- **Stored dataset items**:
++++
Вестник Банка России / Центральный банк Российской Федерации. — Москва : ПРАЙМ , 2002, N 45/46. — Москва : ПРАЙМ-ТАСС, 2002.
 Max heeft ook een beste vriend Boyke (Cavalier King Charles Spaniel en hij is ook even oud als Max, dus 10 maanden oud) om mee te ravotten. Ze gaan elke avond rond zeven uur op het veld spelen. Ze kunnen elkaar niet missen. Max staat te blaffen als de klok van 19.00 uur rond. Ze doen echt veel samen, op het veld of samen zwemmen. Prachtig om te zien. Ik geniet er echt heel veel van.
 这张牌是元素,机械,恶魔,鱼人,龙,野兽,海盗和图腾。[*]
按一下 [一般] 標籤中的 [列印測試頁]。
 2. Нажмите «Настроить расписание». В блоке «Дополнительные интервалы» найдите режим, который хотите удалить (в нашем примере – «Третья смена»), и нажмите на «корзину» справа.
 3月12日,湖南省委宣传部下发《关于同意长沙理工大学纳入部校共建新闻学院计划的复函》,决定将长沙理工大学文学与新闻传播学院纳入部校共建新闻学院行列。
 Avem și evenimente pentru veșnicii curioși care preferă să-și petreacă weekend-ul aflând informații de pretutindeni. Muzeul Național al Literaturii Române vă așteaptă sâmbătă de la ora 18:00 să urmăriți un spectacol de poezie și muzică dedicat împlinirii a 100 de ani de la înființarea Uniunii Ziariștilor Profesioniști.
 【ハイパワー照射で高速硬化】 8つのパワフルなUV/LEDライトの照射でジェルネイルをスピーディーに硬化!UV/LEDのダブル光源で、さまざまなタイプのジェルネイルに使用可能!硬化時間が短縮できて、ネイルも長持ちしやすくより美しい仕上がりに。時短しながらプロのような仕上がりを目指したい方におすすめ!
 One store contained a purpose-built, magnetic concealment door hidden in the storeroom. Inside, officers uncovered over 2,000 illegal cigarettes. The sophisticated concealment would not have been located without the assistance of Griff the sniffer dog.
++++
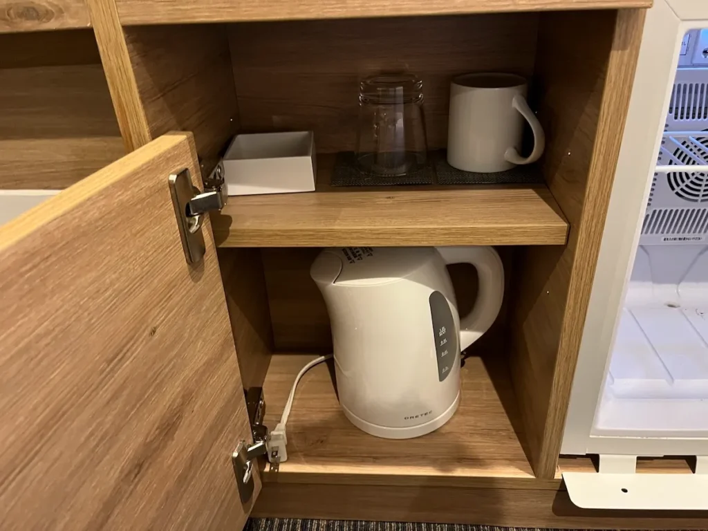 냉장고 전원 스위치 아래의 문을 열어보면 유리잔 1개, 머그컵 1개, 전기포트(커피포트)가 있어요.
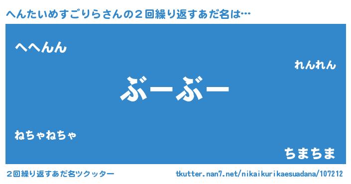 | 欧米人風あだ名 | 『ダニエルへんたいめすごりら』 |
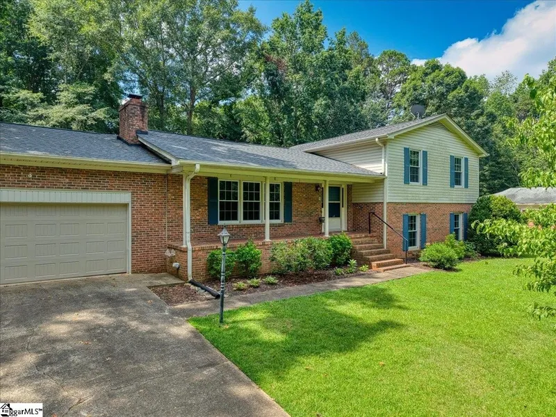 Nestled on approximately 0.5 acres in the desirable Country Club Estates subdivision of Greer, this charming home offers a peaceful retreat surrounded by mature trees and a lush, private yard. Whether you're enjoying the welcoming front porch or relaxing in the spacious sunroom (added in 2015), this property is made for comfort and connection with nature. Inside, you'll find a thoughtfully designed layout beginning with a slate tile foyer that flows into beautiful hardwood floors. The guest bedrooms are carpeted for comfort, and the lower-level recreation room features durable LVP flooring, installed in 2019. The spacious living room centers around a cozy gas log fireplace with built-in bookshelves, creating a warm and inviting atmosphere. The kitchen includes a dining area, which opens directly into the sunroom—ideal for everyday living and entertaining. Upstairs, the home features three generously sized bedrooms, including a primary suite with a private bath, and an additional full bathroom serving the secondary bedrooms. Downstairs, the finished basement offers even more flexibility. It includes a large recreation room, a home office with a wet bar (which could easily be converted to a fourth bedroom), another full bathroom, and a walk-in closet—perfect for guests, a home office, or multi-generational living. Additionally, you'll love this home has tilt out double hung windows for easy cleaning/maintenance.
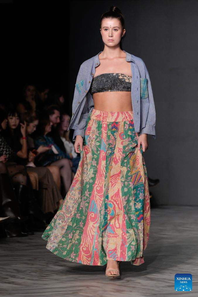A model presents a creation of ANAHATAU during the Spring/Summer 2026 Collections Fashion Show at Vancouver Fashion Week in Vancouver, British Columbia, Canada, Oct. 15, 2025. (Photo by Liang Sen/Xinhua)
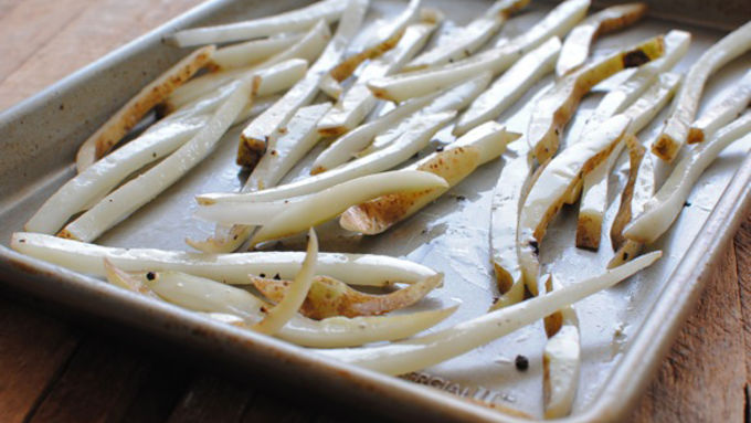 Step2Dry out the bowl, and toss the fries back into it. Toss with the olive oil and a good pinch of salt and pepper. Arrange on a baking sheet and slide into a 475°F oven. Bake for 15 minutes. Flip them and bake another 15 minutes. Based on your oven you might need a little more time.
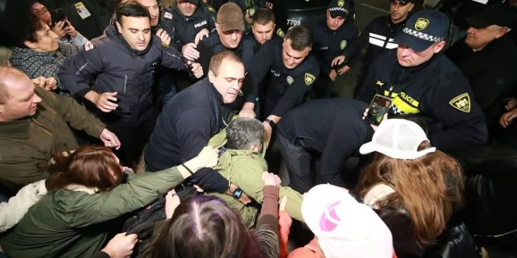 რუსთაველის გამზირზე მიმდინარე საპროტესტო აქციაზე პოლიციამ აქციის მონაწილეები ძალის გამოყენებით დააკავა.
++++
- **Problem to solve**:
Output, from the data above, the lines from the line with "Max heeft ook" to the line with "найдите режим, который" exactly as they stand, both ends included and nothing else.

- **Solution for this problem**:
 Max heeft ook een beste vriend Boyke (Cavalier King Charles Spaniel en hij is ook even oud als Max, dus 10 maanden oud) om mee te ravotten. Ze gaan elke avond rond zeven uur op het veld spelen. Ze kunnen elkaar niet missen. Max staat te blaffen als de klok van 19.00 uur rond. Ze doen echt veel samen, op het veld of samen zwemmen. Prachtig om te zien. Ik geniet er echt heel veel van.
 这张牌是元素,机械,恶魔,鱼人,龙,野兽,海盗和图腾。[*]
按一下 [一般] 標籤中的 [列印測試頁]。
 2. Нажмите «Настроить расписание». В блоке «Дополнительные интервалы» найдите режим, который хотите удалить (в нашем примере – «Третья смена»), и нажмите на «корзину» справа.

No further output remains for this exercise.